Schleweis: “A more expansionary monetary policy will do more harm than good”

12.09.2019 - Press Release 30

“A more expansionary monetary policy will do more harm than good. The negative effects of this policy now outweigh the positive effects; at the same time, the positive effects have worn out", said Helmut Schleweis, President of the German Savings Banks Association (DSGV), in assessing today’s decisions of the European Central Bank (ECB).

Mr. Schleweis went on to say that the measures adopted would not contribute to the development of the real economy or stimulate prices. Against the background of political uncertainties in the world, neither financing nor liquidity were the causes of the economic slowdown. Companies would therefore not scale up their investments if the market was flooded with more liquidity. What was needed now, he added, was action in areas such as foreign and security policy, economic policy and trade policy. If any stakeholders were to benefit, it would once again be the capital markets, enjoying monetary support as a result of the set of measures adopted today. However, this should not be the central bank’s primary objective, said Schleweis.
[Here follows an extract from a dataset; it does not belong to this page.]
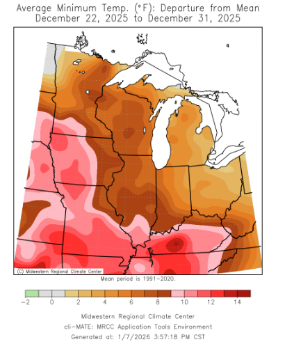 Minimum temperatures were most above normal across the south and west (Figure 2). Across western Iowa, Missouri, and Kentucky, minimum temperatures were 10-15°F above normal. Elsewhere, minimum temperatures were generally 5-10°F above normal.

The revitalisation of the bond purchasing programme with new net purchases will continue to exacerbate the mingling of financial policy and monetary policy and will take the ECB yet further away from its mandate. Within the framework of its bond purchasing programme, the ECB already holds one-third of the European government bonds in its portfolio. As a result, the investment opportunities for other market players are shrinking more and more.

The DSGV President took a more positive view of the introduction of graduated interest rates. “While this is a step in the right direction, it will only somewhat cushion the direct impact of the negative interest rates. However, the indirect burdens of the expansionary monetary policy and the repercussions for the economy and for society as a whole– as well as for credit institutions – are much heavier. Today’s set of measures will further increase these burdens.”

The main message of today’s decisions is disastrous: The business community and society as a whole in the euro area will need to be prepared to deal with even lower negative interest rates for an even longer period of time.